• ABOUT THIS EXERCISE
Please write out exactly the lines of the data below from the line holding "- You'll be" through the line holding "또한, 2025년부터는 자산", and leave out the rest.

• PROVIDED DATA
"""
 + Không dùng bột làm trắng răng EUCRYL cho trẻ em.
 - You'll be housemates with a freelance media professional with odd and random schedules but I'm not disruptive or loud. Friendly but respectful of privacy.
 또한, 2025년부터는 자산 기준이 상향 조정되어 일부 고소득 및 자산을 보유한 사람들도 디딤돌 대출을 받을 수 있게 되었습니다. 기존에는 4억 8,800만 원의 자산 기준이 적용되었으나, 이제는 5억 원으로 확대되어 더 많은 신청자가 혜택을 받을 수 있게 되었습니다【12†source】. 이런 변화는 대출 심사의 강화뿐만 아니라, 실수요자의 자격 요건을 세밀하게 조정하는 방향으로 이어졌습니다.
"""
"""
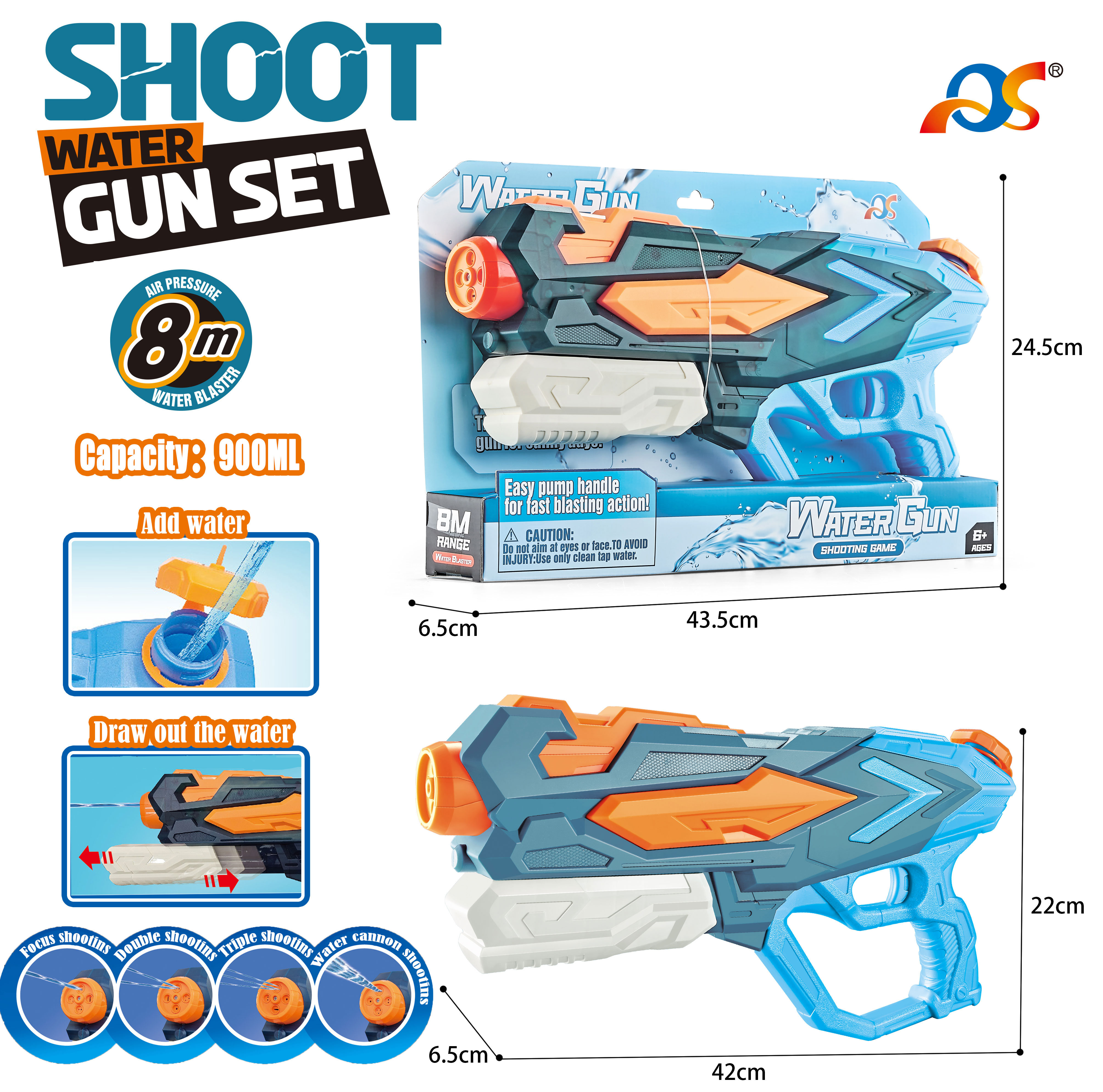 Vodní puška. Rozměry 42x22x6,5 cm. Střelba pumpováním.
"""
"""
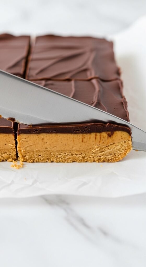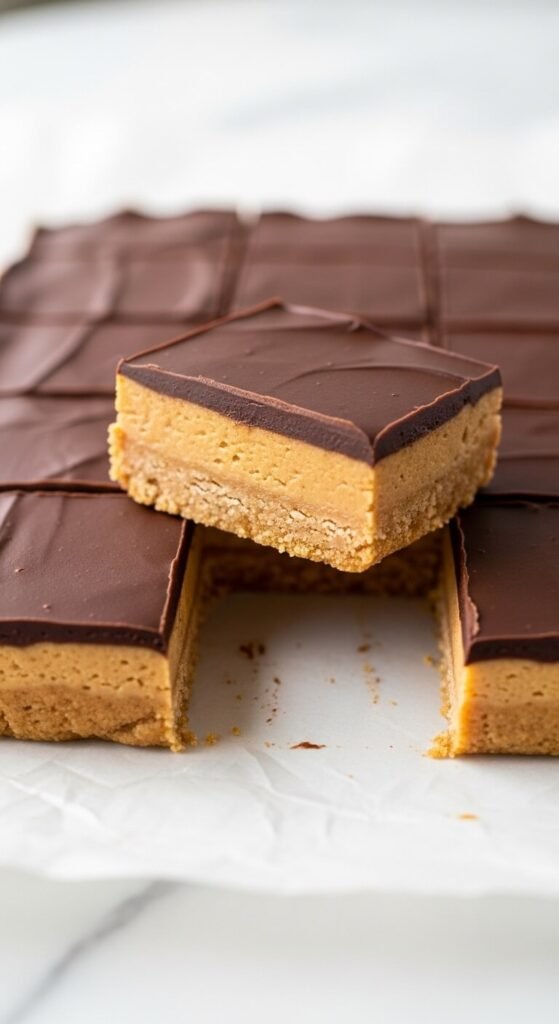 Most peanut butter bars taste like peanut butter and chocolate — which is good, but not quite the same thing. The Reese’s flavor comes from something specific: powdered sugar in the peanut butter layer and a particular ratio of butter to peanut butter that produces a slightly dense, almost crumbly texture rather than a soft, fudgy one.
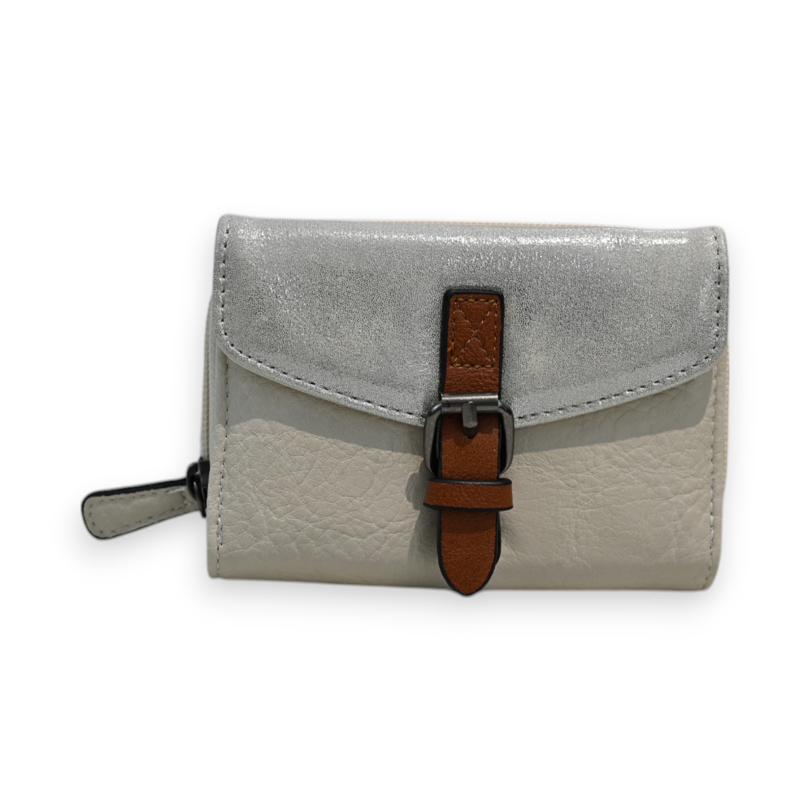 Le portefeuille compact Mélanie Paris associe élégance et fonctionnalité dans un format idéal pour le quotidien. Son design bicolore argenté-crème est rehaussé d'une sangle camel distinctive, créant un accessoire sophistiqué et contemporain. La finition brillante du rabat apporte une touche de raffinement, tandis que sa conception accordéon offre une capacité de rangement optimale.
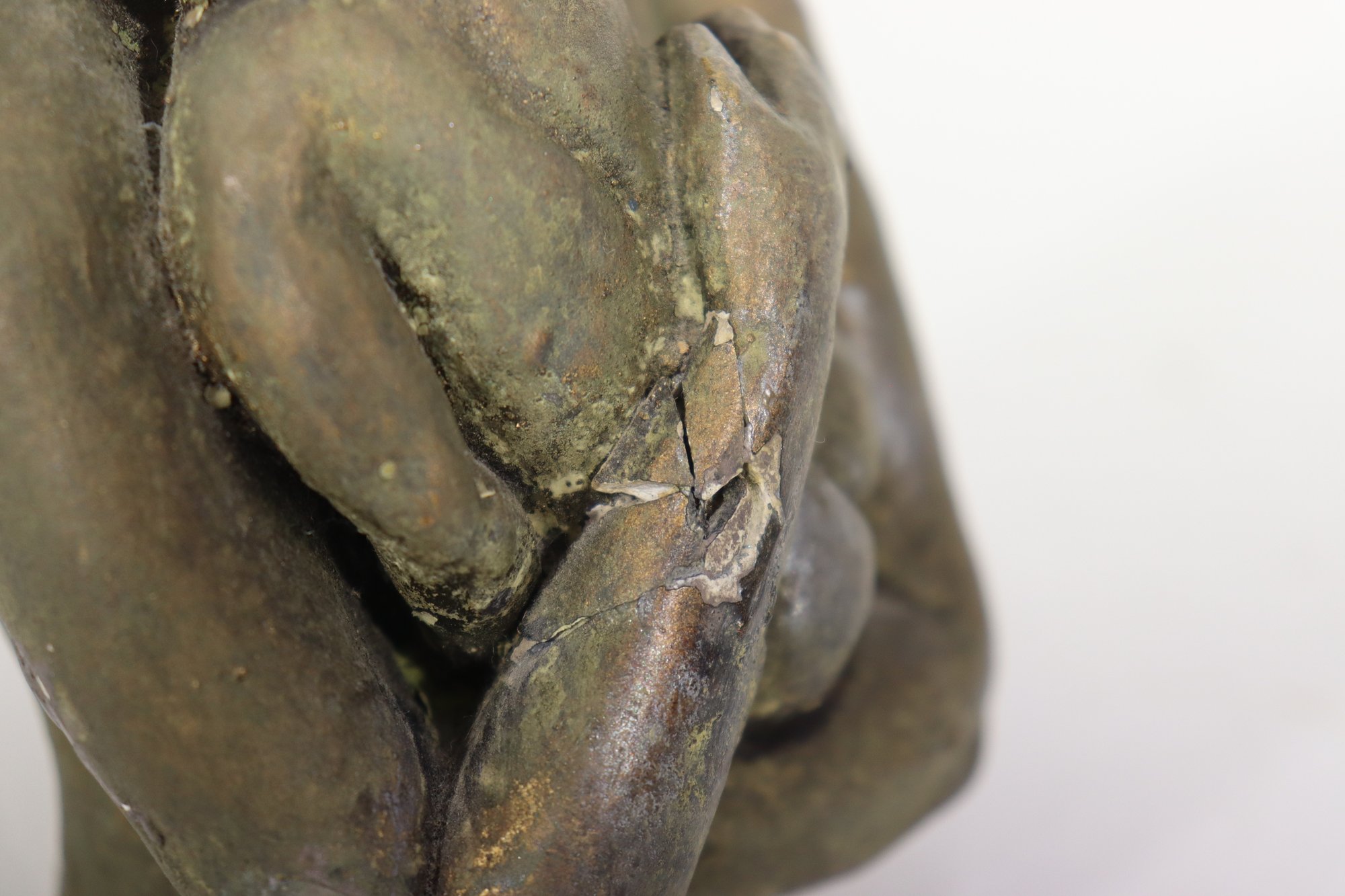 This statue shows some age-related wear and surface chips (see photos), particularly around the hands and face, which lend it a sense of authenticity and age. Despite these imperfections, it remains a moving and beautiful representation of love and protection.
"""
• EXPECTED OUTPUT
 - You'll be housemates with a freelance media professional with odd and random schedules but I'm not disruptive or loud. Friendly but respectful of privacy.
 또한, 2025년부터는 자산 기준이 상향 조정되어 일부 고소득 및 자산을 보유한 사람들도 디딤돌 대출을 받을 수 있게 되었습니다. 기존에는 4억 8,800만 원의 자산 기준이 적용되었으나, 이제는 5억 원으로 확대되어 더 많은 신청자가 혜택을 받을 수 있게 되었습니다【12†source】. 이런 변화는 대출 심사의 강화뿐만 아니라, 실수요자의 자격 요건을 세밀하게 조정하는 방향으로 이어졌습니다.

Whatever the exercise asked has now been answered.